--- EXERCISE ---
Transcribe the listing exactly, leaving out every picture.

--- SOURCE DATA ---
════════

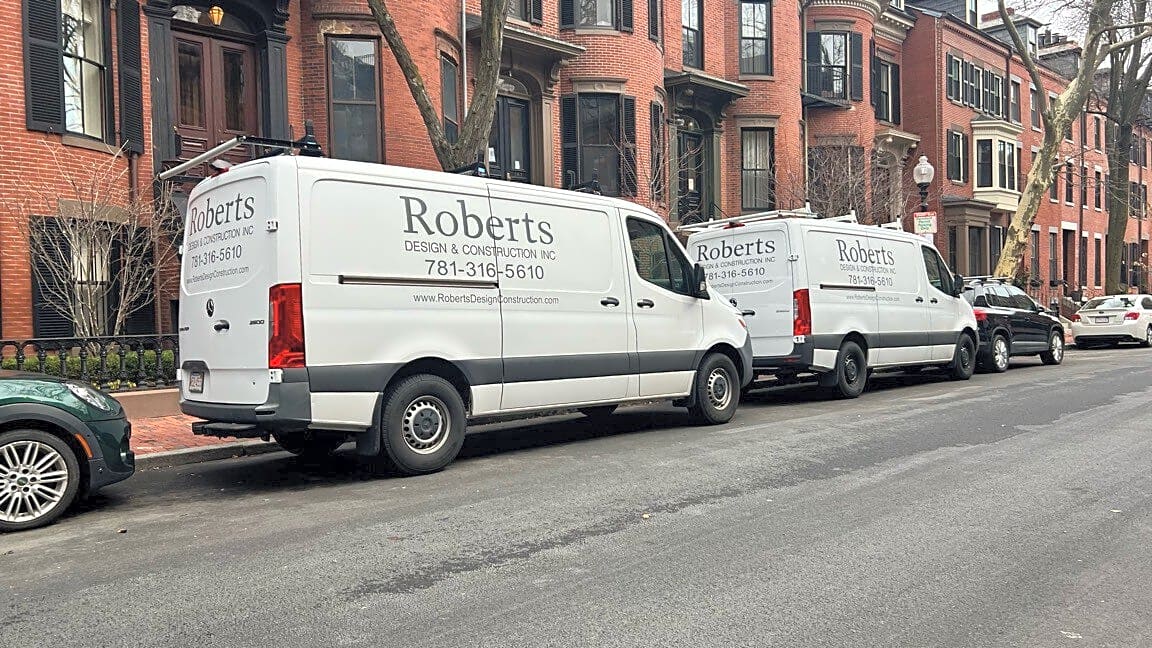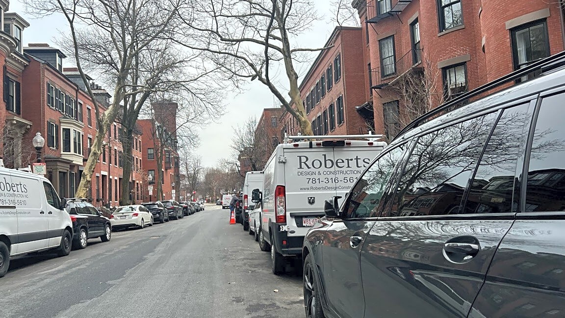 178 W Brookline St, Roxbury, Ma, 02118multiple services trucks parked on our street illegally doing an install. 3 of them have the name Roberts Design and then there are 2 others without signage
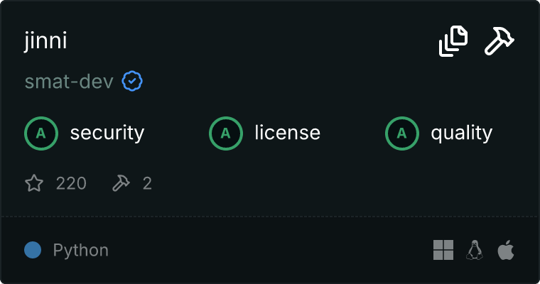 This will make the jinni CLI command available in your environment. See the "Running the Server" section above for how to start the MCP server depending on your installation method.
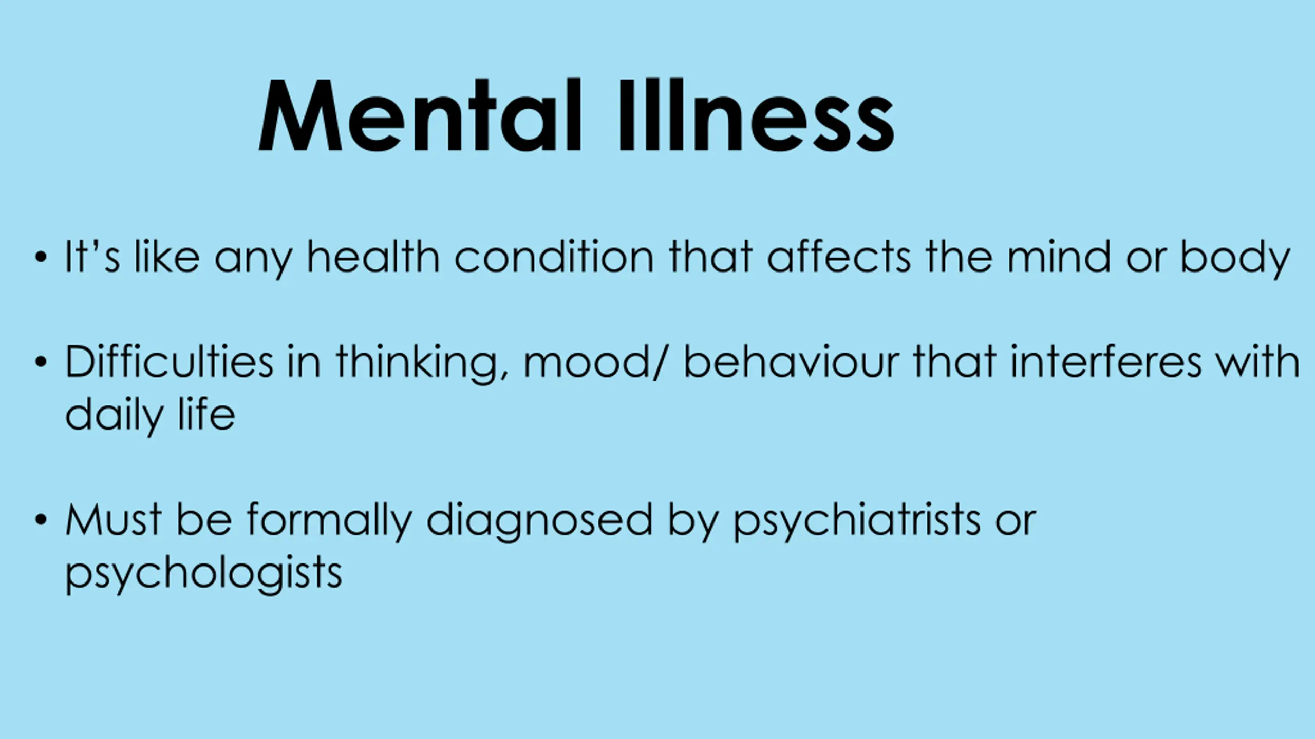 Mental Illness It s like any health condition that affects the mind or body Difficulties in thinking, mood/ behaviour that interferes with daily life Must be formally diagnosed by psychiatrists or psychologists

════════

--- RESPONSE AREA ---
 178 W Brookline St, Roxbury, Ma, 02118multiple services trucks parked on our street illegally doing an install. 3 of them have the name Roberts Design and then there are 2 others without signage
 This will make the jinni CLI command available in your environment. See the "Running the Server" section above for how to start the MCP server depending on your installation method.
 Mental Illness It s like any health condition that affects the mind or body Difficulties in thinking, mood/ behaviour that interferes with daily life Must be formally diagnosed by psychiatrists or psychologists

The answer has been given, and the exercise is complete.